On July 6, 2017, the Association for Accessible Medicines (“AAM”) filed suit challenging the constitutionality of the Act. Specifically, AAM argued that the Act violates the dormant commerce clause because it regulates out-of-state transactions, such as sales by a manufacturer outside of Maryland. Additionally, AAM argued that H.B. 631 is void for vagueness under the Fourteenth Amendment Due Process Clause. The U.S. District Court for the District of Maryland granted Maryland’s motion to dismiss AAM’s suit on the dormant commerce clause claim but denied as to the vagueness claim.

The Fourth Circuit recently reversed the district court’s dismissal of that claim and remanded with instructions to enter judgment in favor of AAM. In a majority opinion written by Judge Stephanie Thacker, the Circuit Court found that H.B. 631 was unconstitutional because the Act’s application is not limited to sales that actually occur within Maryland and the Act seeks to impact pricing and transactions outside of its borders. As the court noted: “[T]he Act aims to override prescription drug manufacturers’ reaction to the market and to regulate the prices these manufacturers charge for their products. This is more than an ‘upstream pricing impact’ — it is a price control.” Association for Accessible Medicines v. Frosh, No. 17-2166, 2018 WL 1770978, at *6 (4th Cir. 2018).

The Court further held that the Act’s requirements reach manufacturer or wholesale sales that occur upstream and typically out-of-state, compared to those consumer retail sales taking place only in Maryland. Furthermore, the Court found that even if the Act required a nexus to an actual sale in Maryland, it would still be insufficient because the legality of a price increase under the Act is measured by the price the manufacturer or wholesaler charges in the initial sale of the drug, which mostly takes place out of state. Additionally, the retailers that sell the drugs in Maryland cannot be held liable under the Act, meaning that H.B. 631 effectively aims to force manufacturers and wholesalers to act in accordance with Maryland law outside of the state or risk having disparate pricing practices for each state – a practice which would be entirely unworkable, thereby burdening the interstate commerce of prescription drugs.

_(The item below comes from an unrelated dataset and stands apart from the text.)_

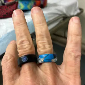 These rings are great at first but over time with normal wear and no chemicals introduced to them to cause this they begin to kinda dry out and shrink . They will actually shrink down they are so tight you can’t hardly get them off . Now with that being said I really like the pattern and feel of the ring for the first few months and I’m on my 3rd one . Groove customer service has always taken care of me! I just wish they wouldn’t shrink and get hard and dried out . Just my 100% honest review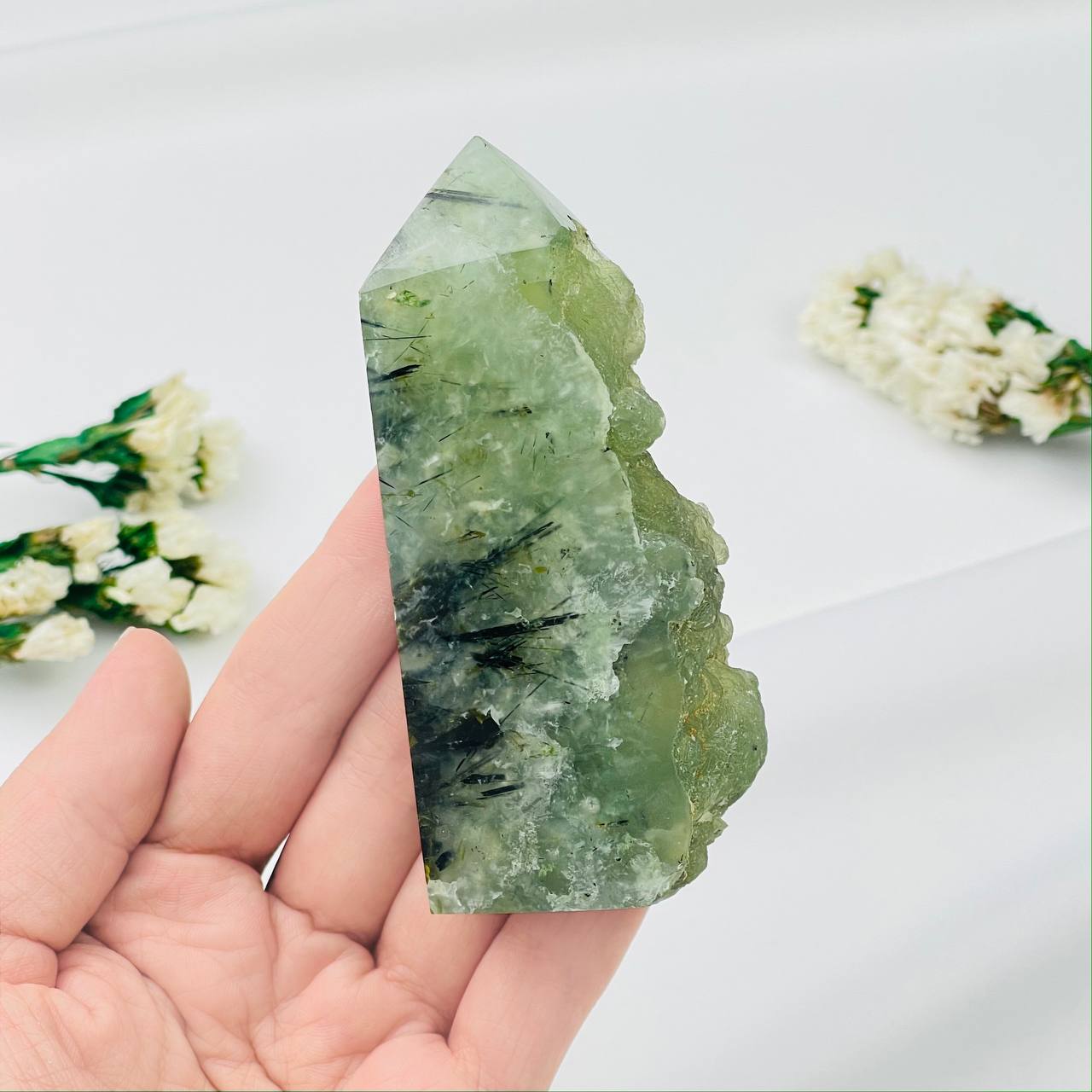 Цвет камня: Зелёный Месторождение..показать: Бразилия Камень: Пренит Поверхность: Гладкий/Необработанный Размер: 95 мм: Бразилия

Notably, the Court made it clear that its decision does not suggest that Maryland and other states cannot enact legislation combatting prescription drug price gouging, but rather that these practices should be carried out in a constitutional manner.

This is not the first of drug pricing laws and their challenges. For example, the Pharmaceutical Research and Manufacturers of America (“PhRMA”) has also brought a commerce clause challenge against California’s drug pricing transparency law, S.B. 17. Additionally, PhRMA and the Biotechnology Innovation Organization filed suit against Nevada’s drug pricing law, S.B. 539, and alleged violations under the Takings Clause of the Fifth Amendment, dormant commerce clause, the Supremacy Clause, and federal trade secrets law. In addition to price gouging and transparency laws, many states have proposed and passed legislation removing the ban on pharmacists from revealing to customers lower cost alternatives and money saving options for a prescribed drug. E.g., Florida’s H.B. 351.

Drug pricing is also receiving some recent attention at the federal level. President Trump is set to deliver his first major speech on drug prices on April 26, 2018. Controlling drug prices was a focus of Trump’s presidential campaign and budget proposal. The White House has indicated, however, that new policy ideas would not be revealed during the speech. President Trump’s speech overlaps with a request for information from the U.S. Department of Health and Human Services regarding drug pricing control ideas.

Drug pricing and transparency limits are hot topics on the state and federal levels and the Health Law Pulse will continue to monitor this evolving drug pricing landscape.